PROBLEM: Copy the listing below in full and skip every picture.

===

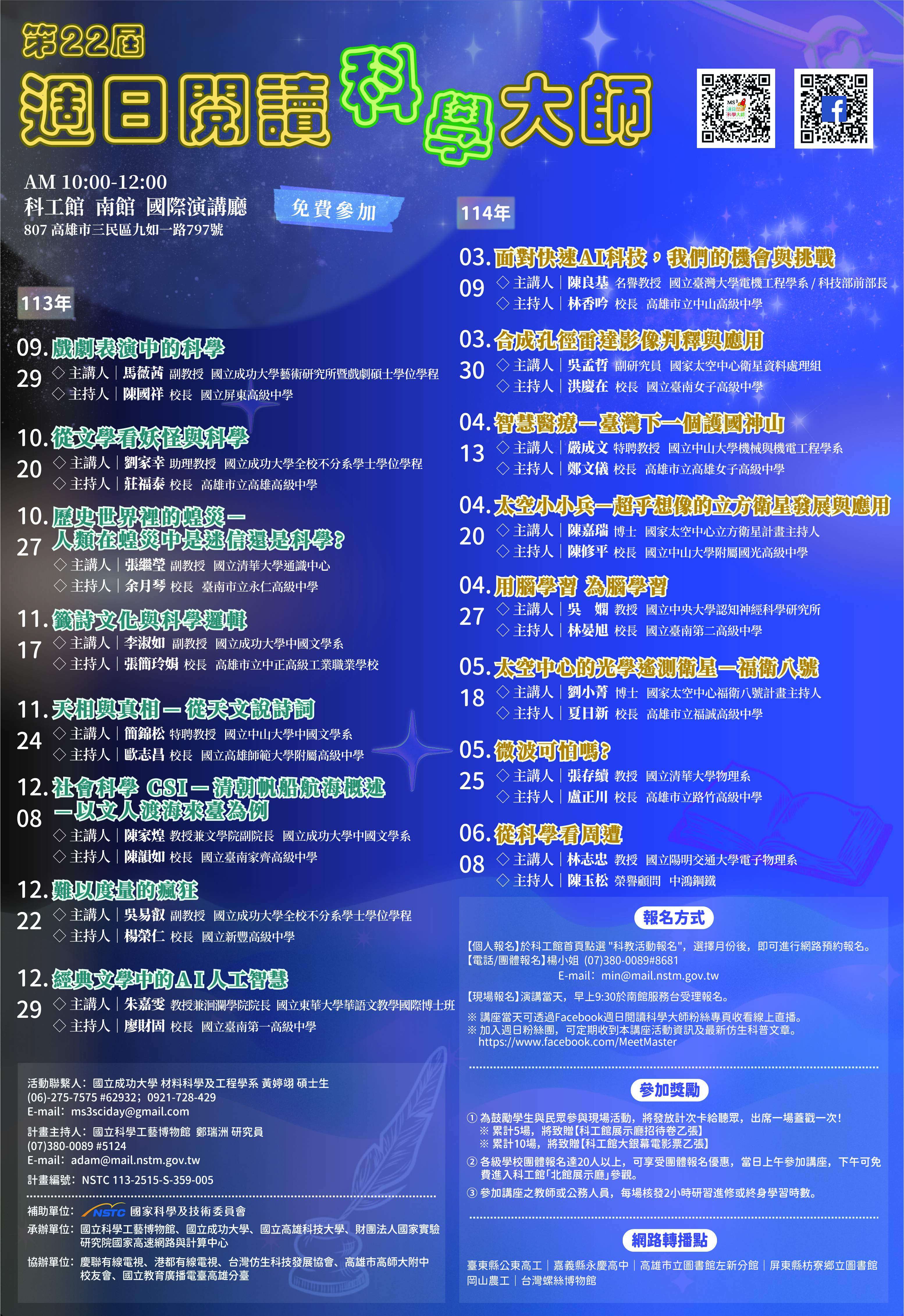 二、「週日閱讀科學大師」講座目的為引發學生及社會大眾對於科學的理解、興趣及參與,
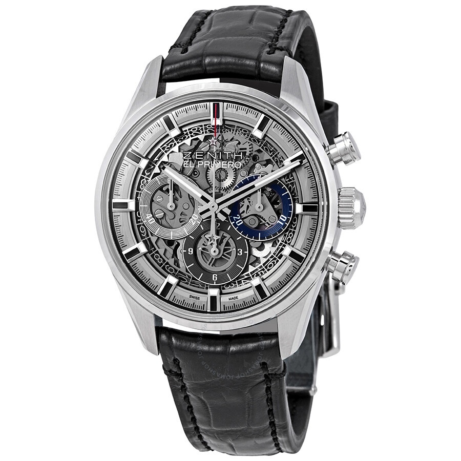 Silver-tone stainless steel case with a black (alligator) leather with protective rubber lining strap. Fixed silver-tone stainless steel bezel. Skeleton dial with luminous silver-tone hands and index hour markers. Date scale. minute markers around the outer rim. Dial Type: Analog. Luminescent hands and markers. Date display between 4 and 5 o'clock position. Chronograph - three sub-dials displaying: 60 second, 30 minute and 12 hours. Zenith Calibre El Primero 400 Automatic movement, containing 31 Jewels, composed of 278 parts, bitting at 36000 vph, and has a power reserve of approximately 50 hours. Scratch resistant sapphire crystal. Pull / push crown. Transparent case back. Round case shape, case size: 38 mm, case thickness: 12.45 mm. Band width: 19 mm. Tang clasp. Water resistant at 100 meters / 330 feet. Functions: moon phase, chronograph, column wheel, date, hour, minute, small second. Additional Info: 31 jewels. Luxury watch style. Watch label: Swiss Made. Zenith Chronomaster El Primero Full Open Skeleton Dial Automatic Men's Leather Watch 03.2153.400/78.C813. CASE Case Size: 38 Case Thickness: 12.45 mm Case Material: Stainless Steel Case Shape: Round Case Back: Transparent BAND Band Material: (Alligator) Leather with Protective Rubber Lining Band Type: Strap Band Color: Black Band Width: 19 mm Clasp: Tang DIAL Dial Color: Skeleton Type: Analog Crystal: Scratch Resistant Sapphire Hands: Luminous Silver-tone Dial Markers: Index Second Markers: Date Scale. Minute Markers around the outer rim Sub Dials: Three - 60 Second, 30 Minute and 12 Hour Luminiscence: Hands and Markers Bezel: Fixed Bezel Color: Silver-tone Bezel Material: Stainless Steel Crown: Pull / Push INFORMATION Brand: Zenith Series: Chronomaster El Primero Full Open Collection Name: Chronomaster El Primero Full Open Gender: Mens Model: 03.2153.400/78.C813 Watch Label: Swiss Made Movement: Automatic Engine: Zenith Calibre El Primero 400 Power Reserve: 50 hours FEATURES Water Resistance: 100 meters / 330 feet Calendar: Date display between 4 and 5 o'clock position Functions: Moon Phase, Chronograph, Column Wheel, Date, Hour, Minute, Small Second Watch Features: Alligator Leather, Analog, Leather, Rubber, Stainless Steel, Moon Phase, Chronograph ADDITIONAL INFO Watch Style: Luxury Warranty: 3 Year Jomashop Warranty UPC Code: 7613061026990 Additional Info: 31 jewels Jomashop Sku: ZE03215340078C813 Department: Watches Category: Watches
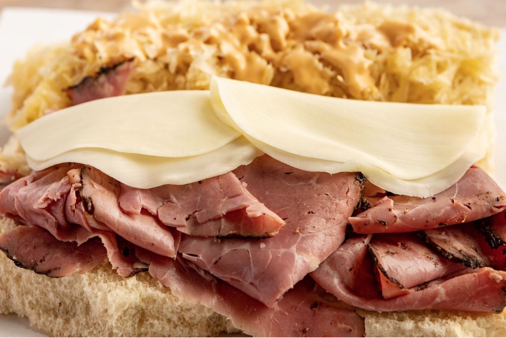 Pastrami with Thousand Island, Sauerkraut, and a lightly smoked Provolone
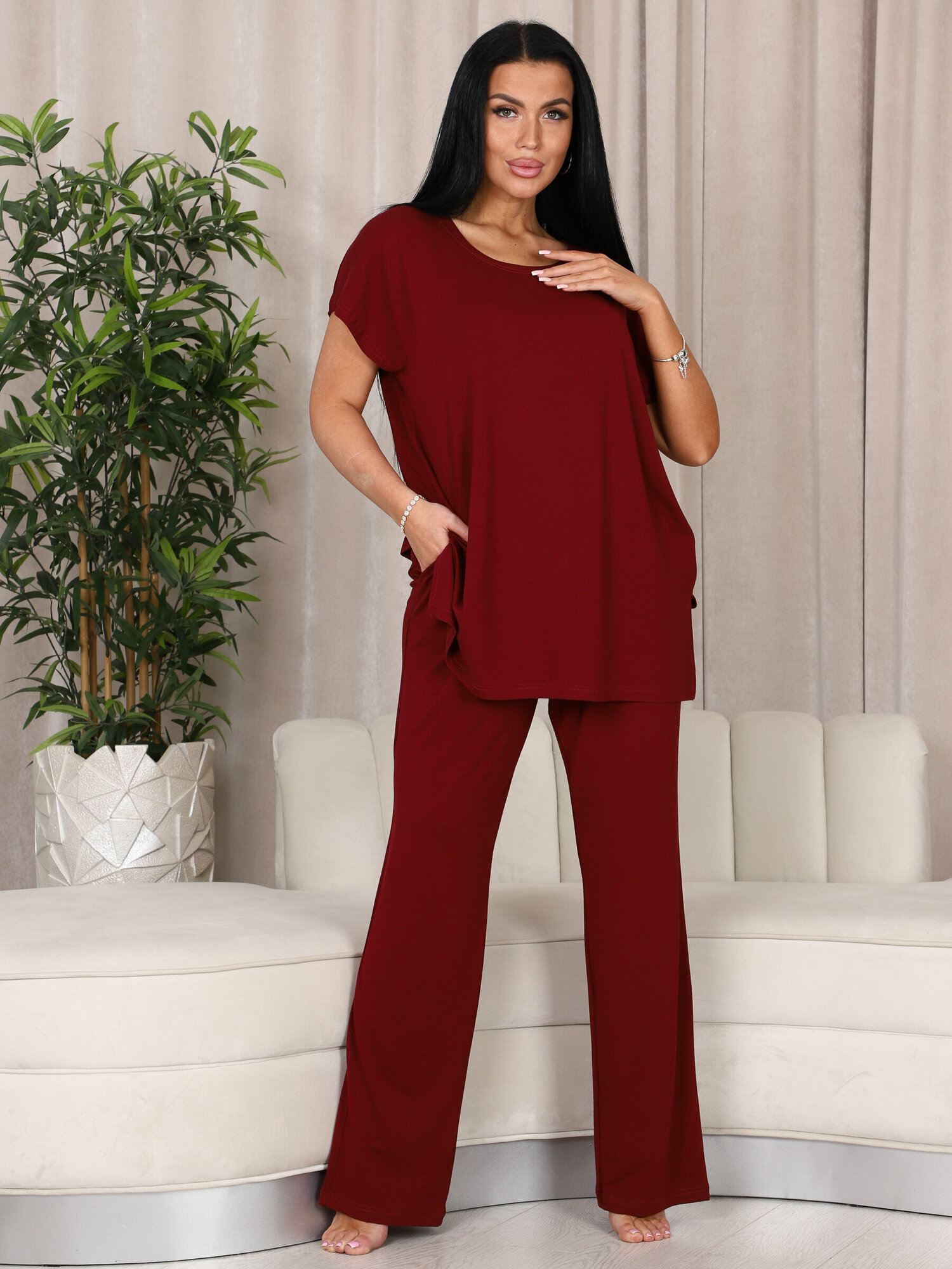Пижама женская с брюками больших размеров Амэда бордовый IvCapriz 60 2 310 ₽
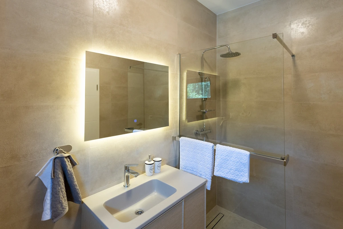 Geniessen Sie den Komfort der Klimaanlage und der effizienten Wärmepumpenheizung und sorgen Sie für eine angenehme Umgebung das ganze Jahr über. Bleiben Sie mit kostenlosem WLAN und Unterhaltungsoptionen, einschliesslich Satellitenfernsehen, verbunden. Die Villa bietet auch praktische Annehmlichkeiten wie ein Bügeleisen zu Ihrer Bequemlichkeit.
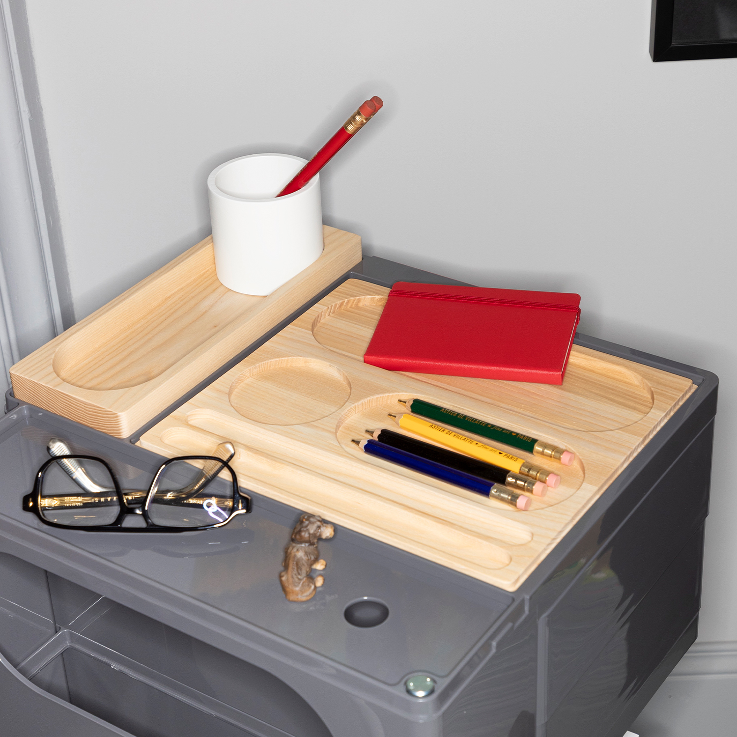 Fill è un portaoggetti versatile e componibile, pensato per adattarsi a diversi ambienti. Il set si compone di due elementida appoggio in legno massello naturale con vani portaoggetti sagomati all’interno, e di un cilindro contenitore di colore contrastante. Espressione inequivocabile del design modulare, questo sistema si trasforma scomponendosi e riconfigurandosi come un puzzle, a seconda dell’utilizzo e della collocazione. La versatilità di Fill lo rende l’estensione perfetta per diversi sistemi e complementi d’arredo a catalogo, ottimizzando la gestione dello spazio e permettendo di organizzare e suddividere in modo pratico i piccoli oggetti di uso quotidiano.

===

EXERCISE SOLUTION:
 二、「週日閱讀科學大師」講座目的為引發學生及社會大眾對於科學的理解、興趣及參與,
 Silver-tone stainless steel case with a black (alligator) leather with protective rubber lining strap. Fixed silver-tone stainless steel bezel. Skeleton dial with luminous silver-tone hands and index hour markers. Date scale. minute markers around the outer rim. Dial Type: Analog. Luminescent hands and markers. Date display between 4 and 5 o'clock position. Chronograph - three sub-dials displaying: 60 second, 30 minute and 12 hours. Zenith Calibre El Primero 400 Automatic movement, containing 31 Jewels, composed of 278 parts, bitting at 36000 vph, and has a power reserve of approximately 50 hours. Scratch resistant sapphire crystal. Pull / push crown. Transparent case back. Round case shape, case size: 38 mm, case thickness: 12.45 mm. Band width: 19 mm. Tang clasp. Water resistant at 100 meters / 330 feet. Functions: moon phase, chronograph, column wheel, date, hour, minute, small second. Additional Info: 31 jewels. Luxury watch style. Watch label: Swiss Made. Zenith Chronomaster El Primero Full Open Skeleton Dial Automatic Men's Leather Watch 03.2153.400/78.C813. CASE Case Size: 38 Case Thickness: 12.45 mm Case Material: Stainless Steel Case Shape: Round Case Back: Transparent BAND Band Material: (Alligator) Leather with Protective Rubber Lining Band Type: Strap Band Color: Black Band Width: 19 mm Clasp: Tang DIAL Dial Color: Skeleton Type: Analog Crystal: Scratch Resistant Sapphire Hands: Luminous Silver-tone Dial Markers: Index Second Markers: Date Scale. Minute Markers around the outer rim Sub Dials: Three - 60 Second, 30 Minute and 12 Hour Luminiscence: Hands and Markers Bezel: Fixed Bezel Color: Silver-tone Bezel Material: Stainless Steel Crown: Pull / Push INFORMATION Brand: Zenith Series: Chronomaster El Primero Full Open Collection Name: Chronomaster El Primero Full Open Gender: Mens Model: 03.2153.400/78.C813 Watch Label: Swiss Made Movement: Automatic Engine: Zenith Calibre El Primero 400 Power Reserve: 50 hours FEATURES Water Resistance: 100 meters / 330 feet Calendar: Date display between 4 and 5 o'clock position Functions: Moon Phase, Chronograph, Column Wheel, Date, Hour, Minute, Small Second Watch Features: Alligator Leather, Analog, Leather, Rubber, Stainless Steel, Moon Phase, Chronograph ADDITIONAL INFO Watch Style: Luxury Warranty: 3 Year Jomashop Warranty UPC Code: 7613061026990 Additional Info: 31 jewels Jomashop Sku: ZE03215340078C813 Department: Watches Category: Watches
 Pastrami with Thousand Island, Sauerkraut, and a lightly smoked Provolone
Пижама женская с брюками больших размеров Амэда бордовый IvCapriz 60 2 310 ₽
 Geniessen Sie den Komfort der Klimaanlage und der effizienten Wärmepumpenheizung und sorgen Sie für eine angenehme Umgebung das ganze Jahr über. Bleiben Sie mit kostenlosem WLAN und Unterhaltungsoptionen, einschliesslich Satellitenfernsehen, verbunden. Die Villa bietet auch praktische Annehmlichkeiten wie ein Bügeleisen zu Ihrer Bequemlichkeit.
 Fill è un portaoggetti versatile e componibile, pensato per adattarsi a diversi ambienti. Il set si compone di due elementida appoggio in legno massello naturale con vani portaoggetti sagomati all’interno, e di un cilindro contenitore di colore contrastante. Espressione inequivocabile del design modulare, questo sistema si trasforma scomponendosi e riconfigurandosi come un puzzle, a seconda dell’utilizzo e della collocazione. La versatilità di Fill lo rende l’estensione perfetta per diversi sistemi e complementi d’arredo a catalogo, ottimizzando la gestione dello spazio e permettendo di organizzare e suddividere in modo pratico i piccoli oggetti di uso quotidiano.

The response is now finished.